Specifies whether to separately evaluate the model for each class.

Type: BOOL

false

optimizer

No

The type of the optimizer. Valid values:

  • momentum: uses the stochastic gradient descent (SGD) algorithm.

  • adam: uses the Adam optimization algorithm.

Type: STRING

momentum

lr_type

No

The policy that is used to adjust the learning rate. Valid values:

  • exponential_decay: The learning rate is subject to exponential decay.

  • polynomial_decay: The learning rate is subject to polynomial decay.

    In this policy, the number of training steps is automatically specified by using the num_steps parameter, and the end_learning_rate parameter is automatically set to one thousandth of the value of the initial_learning_rate parameter.

  • manual_step: The learning rate is manually adjusted.

    In this policy, use the decay_epochs parameter to specify the epochs for which you want to adjust the learning rate and the learning_rates parameter to specify the learning rates for the specified epochs.

  • cosine_decay: The learning rate is adjusted based on the cosine curve. For more information, see SGDR: Stochastic Gradient Descent with Warm Restarts.

Type: STRING

exponential_decay

initial_learning_rate

No

The initial learning rate.

Type: FLOAT

0.01

decay_epochs

No

If you set the lr_type parameter to exponential_decay, this parameter is equivalent to the decay_steps parameter of the tf.train.exponential.decay function. The system automatically uses the value of this parameter to calculate the value of the decay_steps parameter based on the total number of samples that are used for training. In this case, you can set this parameter to half of the total number of epochs. Example: 10. If you set the lr_type parameter to manual_step, this parameter specifies the epochs for which you want to adjust the learning rate. For example, a value of 16 18 specifies that the learning rate is adjusted in the 16th and 18th epochs. In most cases, you can set this parameter to 8/10 × N and 9/10 × N, where N is the total number of epochs.

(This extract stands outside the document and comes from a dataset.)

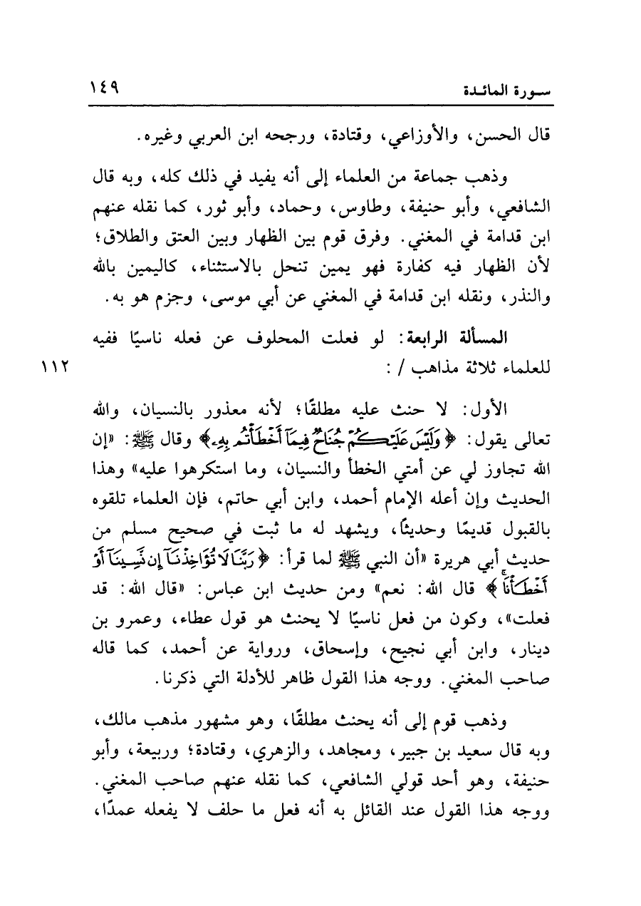 المسألة الرابعة: لو فعلت المحلوف عن فعله ناسياً ففيه للعلماء ثلاثة مذاهب:

Type: INTEGER list. Example: 20 20 40 60

20

decay_factor

No

The factor by which the learning rate decreases. This parameter is equivalent to the decay_factor parameter of the tf.train.exponential.decay function.

Type: FLOAT

0.95

staircase

No

Specifies whether to decrease the learning rate at discrete intervals. This parameter is equivalent to the staircase parameter of the tf.train.exponential.decay function.

Type: BOOL

true

power

No

The power of the polynomial. This parameter is equivalent to the power parameter of the tf.train.polynomial.decay function. This parameter is valid only if you set the lr_type parameter to polynomial_decay.

Type: FLOAT

0.9

learning_rates

No

The learning rate for each of the specified epochs. If you set the lr_type parameter to manual_step, this parameter is required. The number of elements in this parameter must be the same as the number of elements in the decay_epochs parameter. For example, if you set the decay_epochs parameter to 20 40, you must specify two learning rates for this parameter, such as 0.001 0.0001. This specifies that the learning rate of the 20th epoch is adjusted to 0.001 and the learning rate of the 40th epoch is adjusted to 0.0001. We recommend that you adjust the learning rate to 1/10, 1/100, and 1/1000 of the initial learning rate in sequence.

Type: FLOAT list

N/A

train_data

Yes

The OSS path of the training dataset.

Example: oss://path/to/train_*.tfrecord

N/A

test_data

Yes

The OSS path of the evaluation dataset.

Example: oss://path/to/test_*.tfrecord

N/A

train_batch_size

Yes

The number of samples that are used to train the model per iteration.

Type: INT. Example: 32

N/A

test_batch_size

Yes

The number of samples that are used to evaluate the model per iteration.

Type: INT. Example: 32

N/A

train_num_readers

No

The number of concurrent threads used to read the samples that are used for training.

Type: INT

4

model_dir

Yes

The OSS path of the trained model.

Example: oss://path/to/model

N/A

pretrained_model

No

The OSS path of a pretrained model. If you specify this parameter, the output model is a fine-tuned version of the pretrained model.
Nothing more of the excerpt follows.